[ASSIGNED TASK] Set down each record that follows exactly. Drop the images.

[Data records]
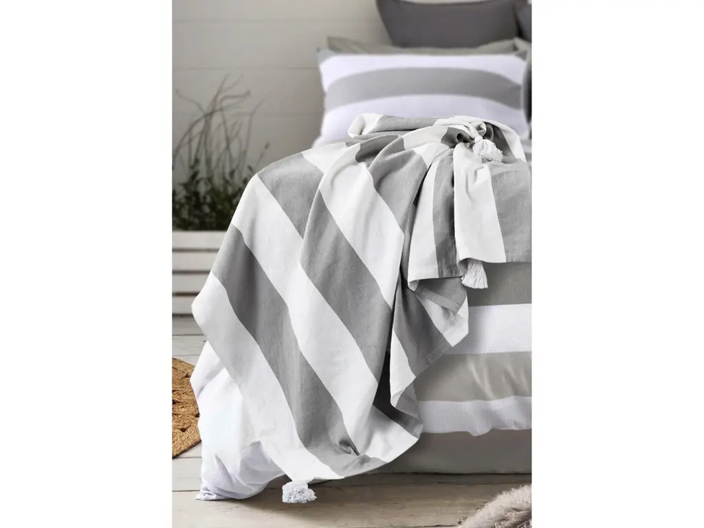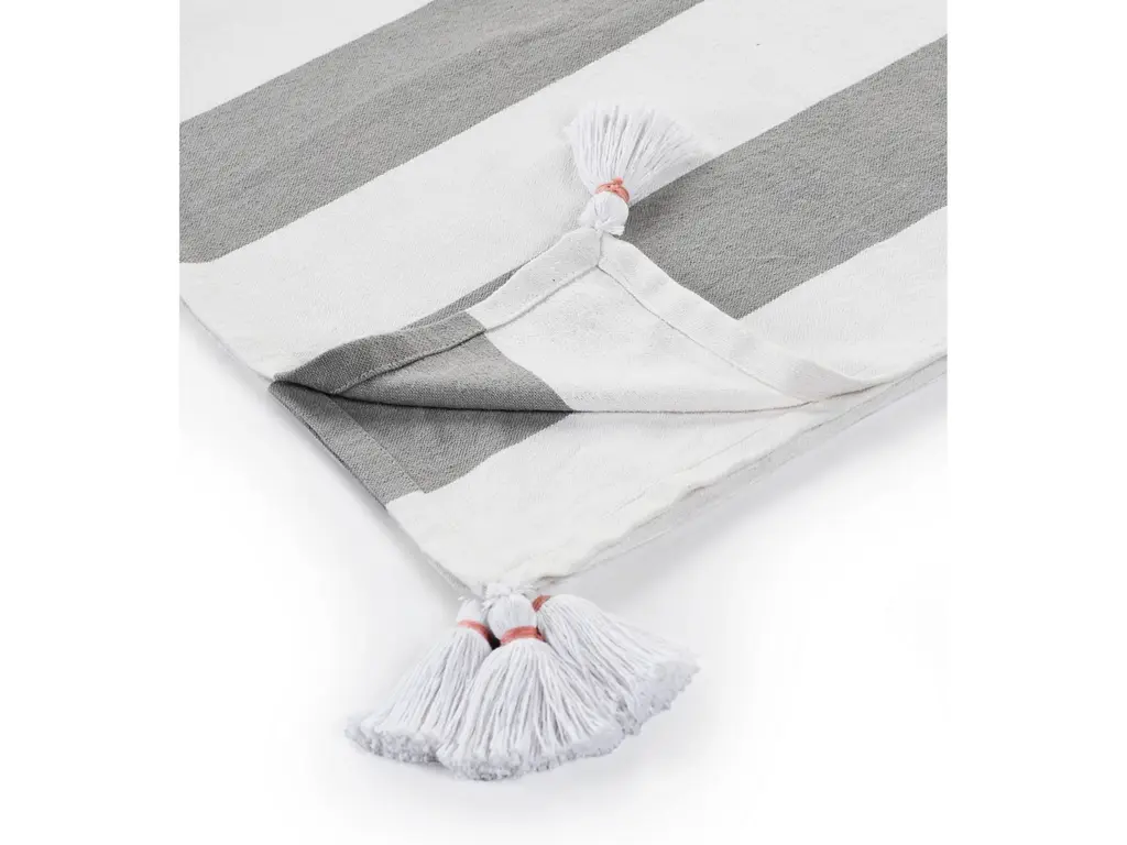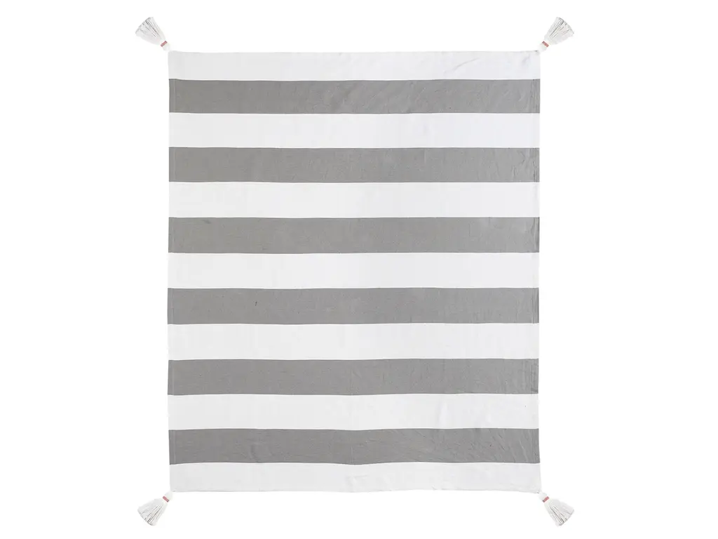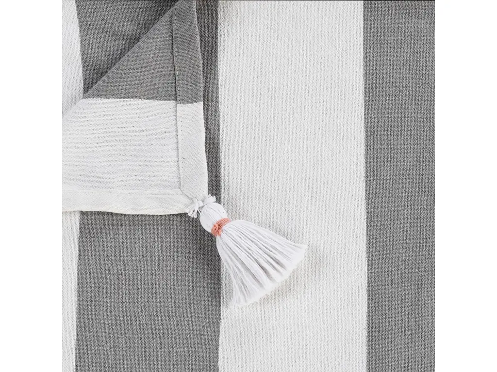 Designed with a balance of leisure and luxury in mind, this everyday accent merges well with multiple decor styles from modern to coastal to farmhouse; this addition is a neutral necessity for your home or office. Standing alone or layered with other accents, this throw brings comfort and style to your space in light gray and white tones featuring rich bold stripes and finishing corner tassels. Bring fashion and function into your home by cozying up or draping over a chair, sofa, couch, or bed.
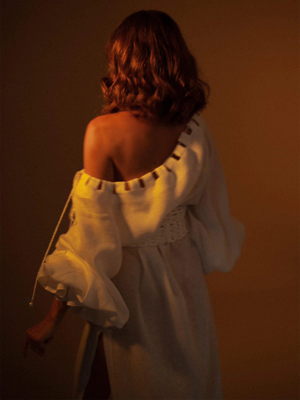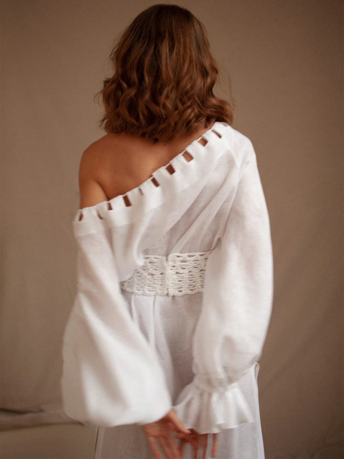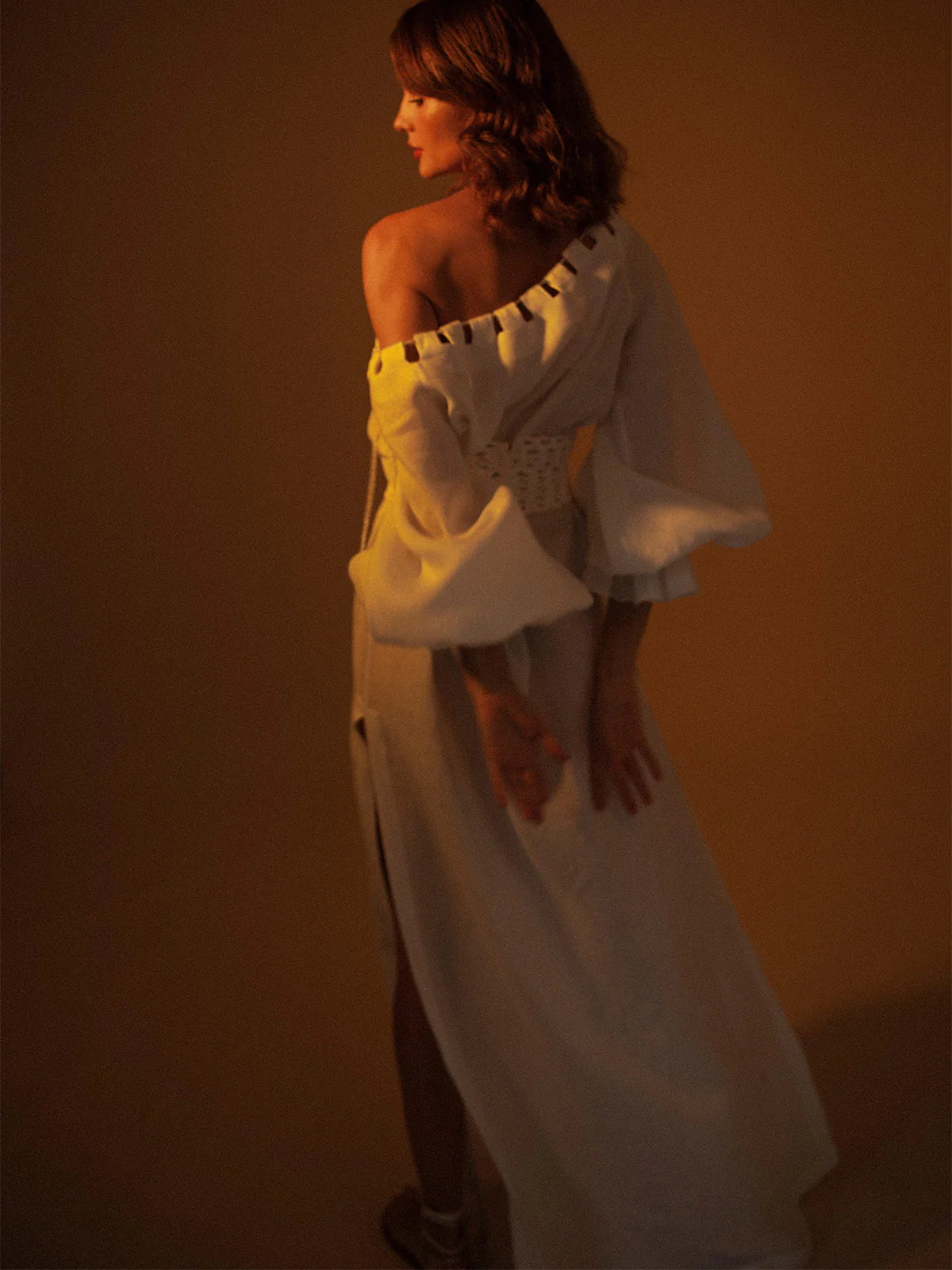 Vestido largo en 100% lino con cuello "off-shoulder" y manga larga.
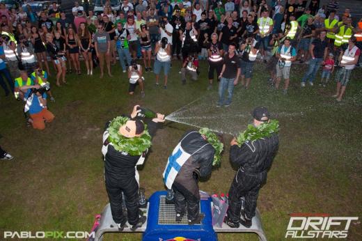 Pusfinālā sīvā cīņā un ar pārbrauciena palīdzību soms Rintanens pieveica Eglīti, tomēr otrajā pusfinālā pārāks par Norvēģijas čempionu Ole Jāgeru izrādījās Jēkabsons. Tādējādi Jēkabsons cīņā par uzvaru tikās ar Rintanenu, bet cīņā par trešo vietu savā starpā sacentās Eglīte un Jāgers. Jāatzīmē, ka jau pagājušajā Drift Allstars posmā cīņa par trešo vietu bija starp šiem diviem pilotiem un arī rezultāts šoreiz tāds pats – Eglīte bez problēmām pieveica Jāgeru un kāpa uz trešā goda pjedestāla pakāpiena. Cīņā par uzvaru Jēkabsonam nācās piekāpties soma Rintanena priekšā, tomēr par to nav ko bēdāties, jo tieši somu braucējs šobrīd ir labākais drifteris Eiropā.
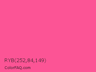 RYB 252,84,149 Color is a light rose color and the nearest color is Violet Red #f75394. Hex code #fc5495 and RGB value is rgb(252,84,149). In RGB color space, this color is composed of 99% red, 33% green, 58% blue, In CMYK color space, this color is composed of 0% cyan, 67% magenta, 41% yellow , 1% black , In HSL color space, this color has a hue angle of 337° , 97% saturation and 66% lightness.
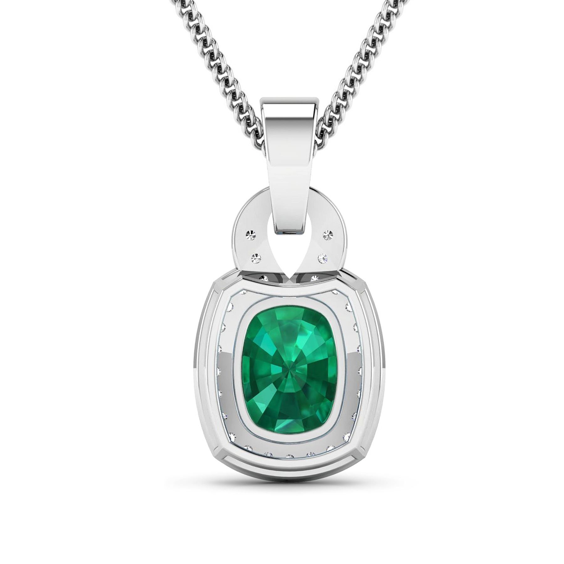 Zambian Emerald (AA) Cushion 9x7mm - 1Pc + White Diamond F/C Round 1.20mm - 31Pcs ( SI2/HI color ) Total weight of gemstone is 1.74cts. Total Diamond weight is 0.25cts. Total weight of this pendant is 2.06 grams.
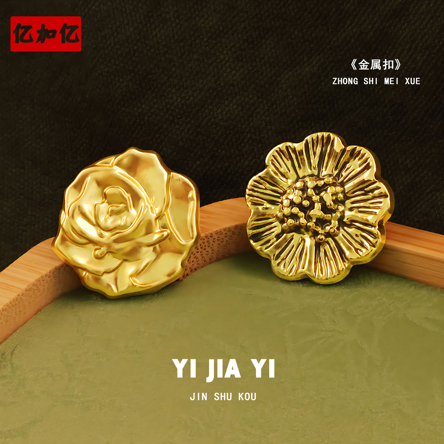 高档锌合金有脚纽扣雅金色黑油花朵金属扣子大衣风衣外套服装配饰
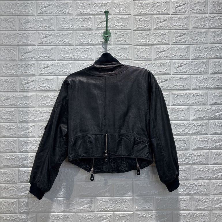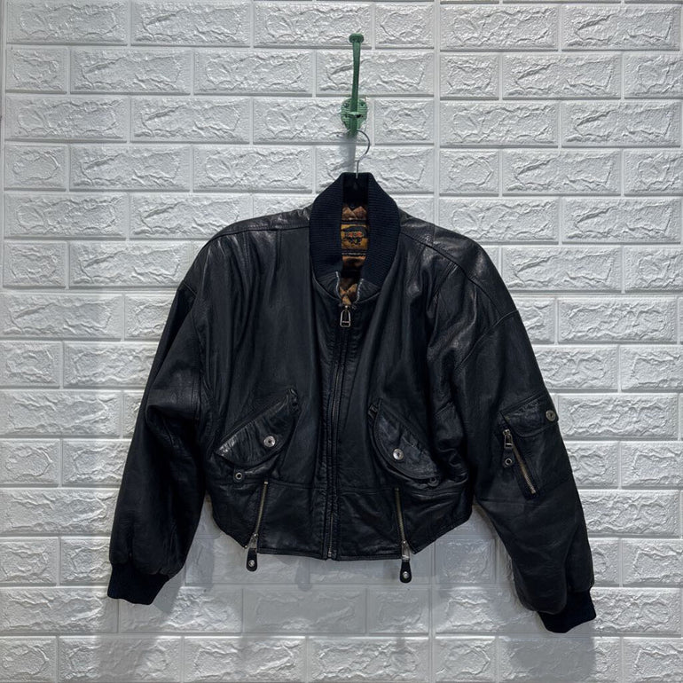 Vintage Cropped Leather Bomber Jacket *as is*

[REPLY TO THE TASK]
 Designed with a balance of leisure and luxury in mind, this everyday accent merges well with multiple decor styles from modern to coastal to farmhouse; this addition is a neutral necessity for your home or office. Standing alone or layered with other accents, this throw brings comfort and style to your space in light gray and white tones featuring rich bold stripes and finishing corner tassels. Bring fashion and function into your home by cozying up or draping over a chair, sofa, couch, or bed.
 Vestido largo en 100% lino con cuello "off-shoulder" y manga larga.
 Pusfinālā sīvā cīņā un ar pārbrauciena palīdzību soms Rintanens pieveica Eglīti, tomēr otrajā pusfinālā pārāks par Norvēģijas čempionu Ole Jāgeru izrādījās Jēkabsons. Tādējādi Jēkabsons cīņā par uzvaru tikās ar Rintanenu, bet cīņā par trešo vietu savā starpā sacentās Eglīte un Jāgers. Jāatzīmē, ka jau pagājušajā Drift Allstars posmā cīņa par trešo vietu bija starp šiem diviem pilotiem un arī rezultāts šoreiz tāds pats – Eglīte bez problēmām pieveica Jāgeru un kāpa uz trešā goda pjedestāla pakāpiena. Cīņā par uzvaru Jēkabsonam nācās piekāpties soma Rintanena priekšā, tomēr par to nav ko bēdāties, jo tieši somu braucējs šobrīd ir labākais drifteris Eiropā.
 RYB 252,84,149 Color is a light rose color and the nearest color is Violet Red #f75394. Hex code #fc5495 and RGB value is rgb(252,84,149). In RGB color space, this color is composed of 99% red, 33% green, 58% blue, In CMYK color space, this color is composed of 0% cyan, 67% magenta, 41% yellow , 1% black , In HSL color space, this color has a hue angle of 337° , 97% saturation and 66% lightness.
 Zambian Emerald (AA) Cushion 9x7mm - 1Pc + White Diamond F/C Round 1.20mm - 31Pcs ( SI2/HI color ) Total weight of gemstone is 1.74cts. Total Diamond weight is 0.25cts. Total weight of this pendant is 2.06 grams.
 高档锌合金有脚纽扣雅金色黑油花朵金属扣子大衣风衣外套服装配饰
 Vintage Cropped Leather Bomber Jacket *as is*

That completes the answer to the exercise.